Domestic Adoption
An eye-opening journey
The term “birth father” is a relatively new one for me. I had pretty much taken for granted that a father was a father. However, when my girlfriend and I learned that we were pregnant, I began a journey that would open my eyes to a great many new things.
Upon learning of the pregnancy, my girlfriend and I both felt that our relationship was not ready to survive keeping and raising a child in the environment we would have liked to provide. Thus we began the delicate process of deciding exactly what we should do.
Deciding to release for adoption
What it all boiled down to was that she didn’t feel she could raise this child (even with my help), but that she didn’t feel comfortable with the option of abortion either. As those two options gradually began to fade out, a third option—that of releasing for adoption—became clearer as the best option. As my girlfriend is fond of saying, “I am pro-choice, and I chose.” We decided to call Adoption Associates, Inc.
Having never planned adoption before, we had no idea how that loss would feel, but it was important to us to prepare for it as much as we could. This planning was largely reflected in our criteria for choosing the family that would adopt our child.
We didn’t know how we would feel after the baby had gone to his or her new home. It was important to us that the family not live nearby because we didn’t want to run into them, for example, while grocery shopping. We felt that by placing some distance between us it would prevent an accidental meeting, and therefore, prevent what might be a lot of pain. At the same time, however, it was extremely important that the adoptive parents be as involved during the pregnancy as possible. We felt that the more we knew about the people who would be our child’s parents, the less mystery we would feel concerning “I wonder how the baby’s doing?” later. We also wanted to turn this experience into one which was as giving and joyful as we could make it for somebody else.
Meeting the adoptive family
When we met the adoptive family we were very nervous and worried. What if they didn’t like us? or What if we didn’t like them? We met at a restaurant for dinner and it was a little shocking at times because the conversation was very blunt about the adoption process. We were all speaking quite openly about some deeply emotional concerns with people whom we had just met, yet they were things that needed to be brought out in the open. We found that the frank, open, and honest nature of the evening left us with a greater feeling of respect for one another. By the end of the evening, we were already beginning to feel comfortable around each other and we were laughing together at each other’s stories. For the rest of the pregnancy, we kept in very close contact. They came to Lamaze classes with us, doctor’s appointments, and more dinners. Several times we have been asked—and wondered ourselves—why we chose the couple we did, and the only answer we’ve been able to come up with was that it just felt right.

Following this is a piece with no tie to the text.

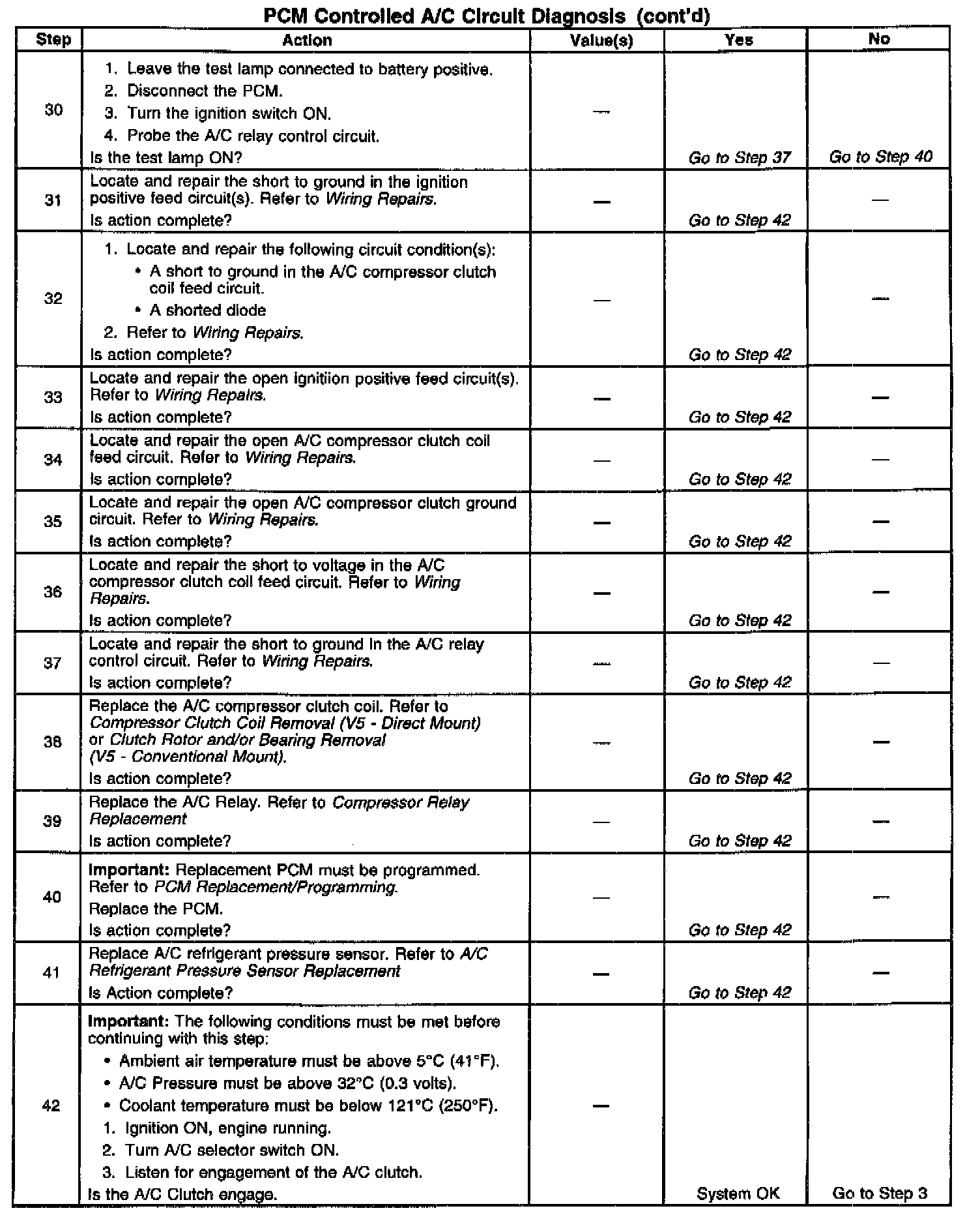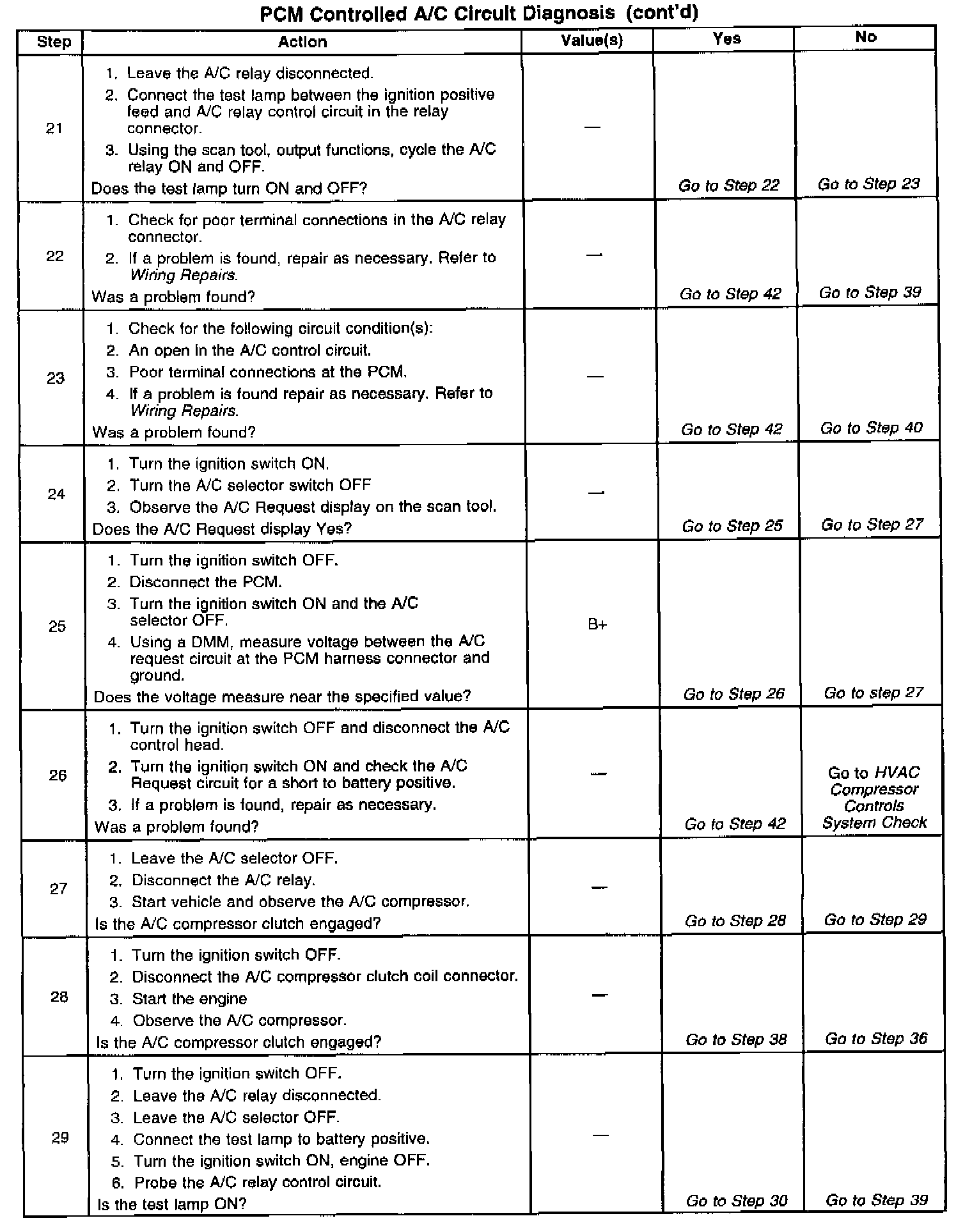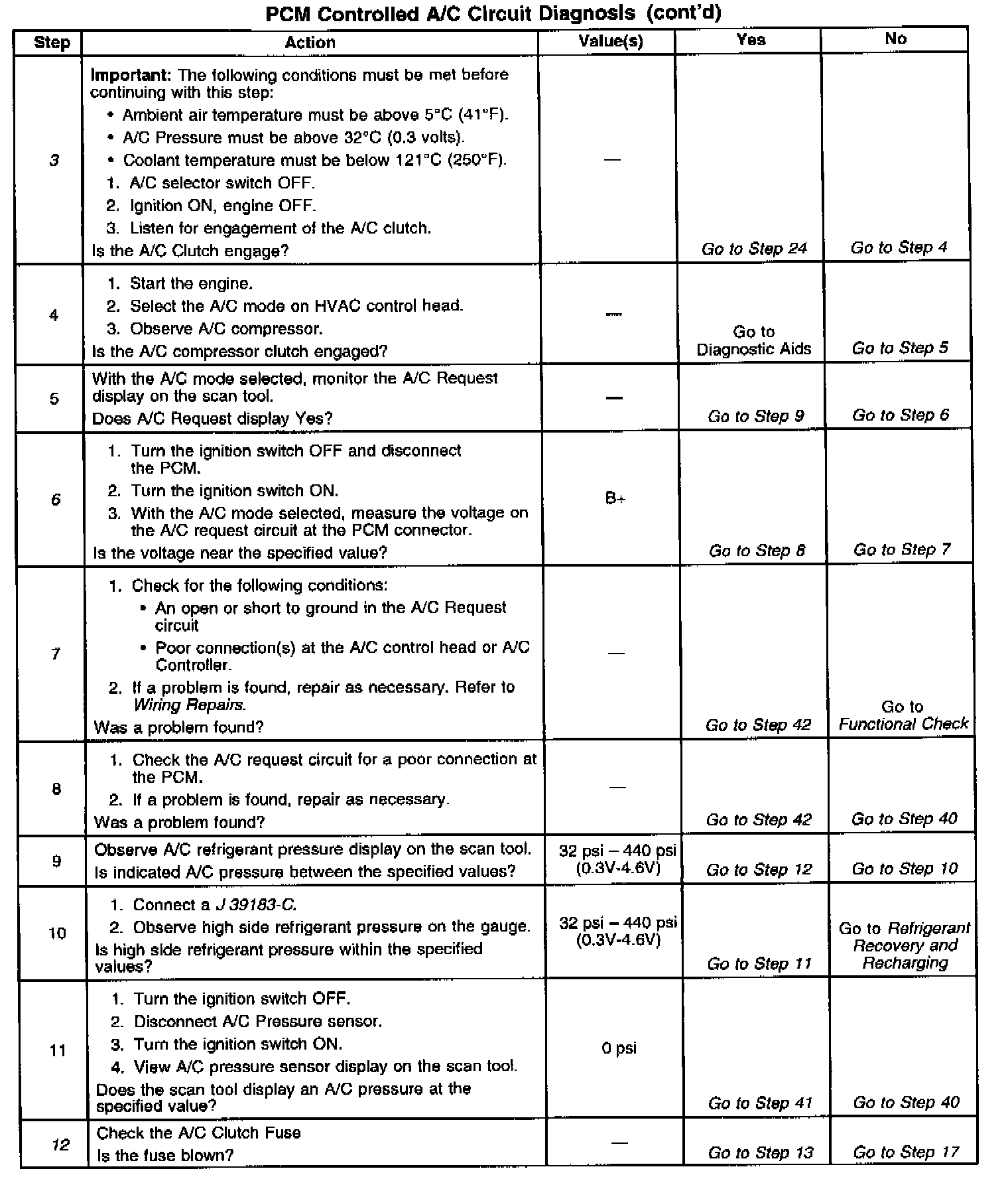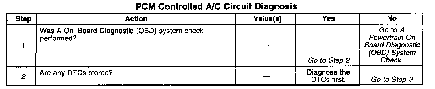 2. Stored Diagnostic Trouble Codes (That may not illuminate the Malfunction indicator Lamp) may disable the A/C compressor. This Diagnostic Table may lead to improper diagnosis and replacement of good parts if Diagnostic Trouble Codes are present.

One highlight of our experience was during an ultrasound for which the adoptive parents were present. We each took turns going into the room with my girlfriend so we could see the baby on the monitor. It was a very rewarding experience watching the faces of the couple as they were able to see their baby for the first time. “Wow. This is real!,” the adoptive father kept repeating.
Delivering the news
But the most poignant part of the whole nine month journey for me was when I had the honor of going to the waiting room and delivering the news to the adoptive parents that their little boy now had a “baby girl” to call his very own sister. The baby was healthy and happy, and as my girlfriend recovered and we both caught up on sleep, the adoptive parents were given their own room so that they could spend all the time they wanted with their new daughter. The staff at the hospital was outstanding and very helpful in making sure everybody’s needs were taken care of.
We were able to see and hold the baby whenever we wanted and did so upon two or three occasions. Since we had spent almost the entire pregnancy “doing this” for the adoptive parents, I felt more like a surrogate birth father, and felt more as if I were holding someone else’s child than my own. We’d done a good job—my girlfriend and I—and now it was time to begin the healing process.
Saying goodbye
It was a tearful moment when it came time to say goodbye to the new parents and the little girl we’d helped to create. We’d become good friends and we would miss each other very much. Yet the time we’d taken to get to know them helped us to feel secure in the knowledge that we’d done the right thing not only for the baby we’d brought into the world, but for ourselves as well.
As I write this three months later, I am happy to report that we are doing well. We visit a local support group when we are able, and sometimes talk about how a family somewhere is happier now because of us, and the new addition we helped to add to their home.